### Work required
A verbatim copy of the listing is what is needed, minus any pictures.

### Material provided
*** Block opens ***
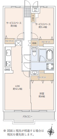 | 間取 | 1SLDK (LDK12.2帖、洋室6帖、S5.4帖、S5帖) | ||
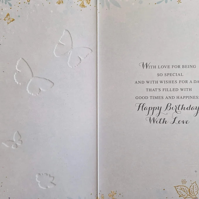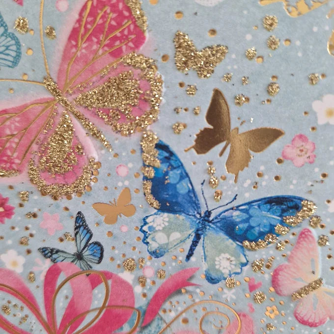 Flowers, Butterflies, Gift, with Glittery Gold foiled design.
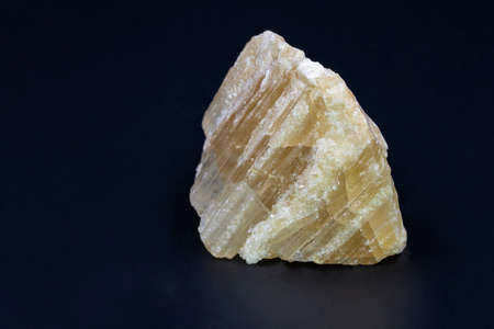 a piece of the mineral calcite, a stone made of calcite rock, a layered structure of a calcite stone from the Caucasus Mountains close-up on a black background, copy spase
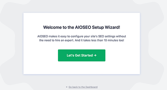 Upon activation, the plugin will automatically launch its setup wizard. You can go ahead and click the Let’s Get Started button to continue .
*** Block closes ***
### Your solution
 | 間取 | 1SLDK (LDK12.2帖、洋室6帖、S5.4帖、S5帖) | ||
 Flowers, Butterflies, Gift, with Glittery Gold foiled design.
 a piece of the mineral calcite, a stone made of calcite rock, a layered structure of a calcite stone from the Caucasus Mountains close-up on a black background, copy spase
 Upon activation, the plugin will automatically launch its setup wizard. You can go ahead and click the Let’s Get Started button to continue .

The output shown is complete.